━━━━━ Supplied material

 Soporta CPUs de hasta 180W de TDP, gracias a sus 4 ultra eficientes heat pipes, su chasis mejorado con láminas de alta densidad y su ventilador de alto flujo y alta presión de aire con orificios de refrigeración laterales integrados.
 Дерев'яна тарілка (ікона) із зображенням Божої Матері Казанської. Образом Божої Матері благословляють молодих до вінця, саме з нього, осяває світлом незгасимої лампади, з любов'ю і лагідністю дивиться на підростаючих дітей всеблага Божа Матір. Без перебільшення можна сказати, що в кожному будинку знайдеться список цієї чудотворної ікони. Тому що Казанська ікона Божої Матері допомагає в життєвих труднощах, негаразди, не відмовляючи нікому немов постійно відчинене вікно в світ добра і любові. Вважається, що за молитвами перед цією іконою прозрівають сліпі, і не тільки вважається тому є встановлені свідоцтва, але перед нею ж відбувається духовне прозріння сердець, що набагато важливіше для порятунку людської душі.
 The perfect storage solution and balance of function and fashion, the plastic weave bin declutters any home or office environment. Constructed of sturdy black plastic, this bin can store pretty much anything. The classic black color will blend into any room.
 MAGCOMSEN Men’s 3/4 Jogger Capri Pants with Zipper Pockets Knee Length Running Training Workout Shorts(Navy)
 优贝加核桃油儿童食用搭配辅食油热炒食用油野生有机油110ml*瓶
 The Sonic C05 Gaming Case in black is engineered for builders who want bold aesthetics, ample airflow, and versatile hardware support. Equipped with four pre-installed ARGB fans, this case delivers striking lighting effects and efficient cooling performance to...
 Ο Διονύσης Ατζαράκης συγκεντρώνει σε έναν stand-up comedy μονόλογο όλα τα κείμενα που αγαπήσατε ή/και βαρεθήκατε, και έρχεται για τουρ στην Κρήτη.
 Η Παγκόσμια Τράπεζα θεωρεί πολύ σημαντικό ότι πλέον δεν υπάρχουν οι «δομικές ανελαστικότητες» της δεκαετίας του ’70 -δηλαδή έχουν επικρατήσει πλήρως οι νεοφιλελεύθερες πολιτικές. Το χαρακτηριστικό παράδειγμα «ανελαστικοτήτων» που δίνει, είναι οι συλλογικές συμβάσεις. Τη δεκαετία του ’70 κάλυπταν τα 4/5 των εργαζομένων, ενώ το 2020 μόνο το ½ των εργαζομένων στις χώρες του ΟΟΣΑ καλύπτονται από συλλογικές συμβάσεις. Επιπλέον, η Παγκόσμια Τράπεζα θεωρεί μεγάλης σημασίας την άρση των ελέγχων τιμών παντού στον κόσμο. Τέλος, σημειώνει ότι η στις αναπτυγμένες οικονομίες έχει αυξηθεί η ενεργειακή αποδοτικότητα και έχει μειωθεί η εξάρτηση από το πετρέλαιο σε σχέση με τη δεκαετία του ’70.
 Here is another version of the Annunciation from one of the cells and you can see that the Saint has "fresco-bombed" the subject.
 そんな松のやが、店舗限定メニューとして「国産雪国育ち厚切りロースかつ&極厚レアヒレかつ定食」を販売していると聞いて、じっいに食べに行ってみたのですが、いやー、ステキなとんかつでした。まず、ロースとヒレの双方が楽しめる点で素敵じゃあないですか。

━━━━━━━━━━

▶ _What is required_
Every line above with the string "black" in it should be copied into the answer.

▶ _Finished exercise_
 The perfect storage solution and balance of function and fashion, the plastic weave bin declutters any home or office environment. Constructed of sturdy black plastic, this bin can store pretty much anything. The classic black color will blend into any room.
 The Sonic C05 Gaming Case in black is engineered for builders who want bold aesthetics, ample airflow, and versatile hardware support. Equipped with four pre-installed ARGB fans, this case delivers striking lighting effects and efficient cooling performance to...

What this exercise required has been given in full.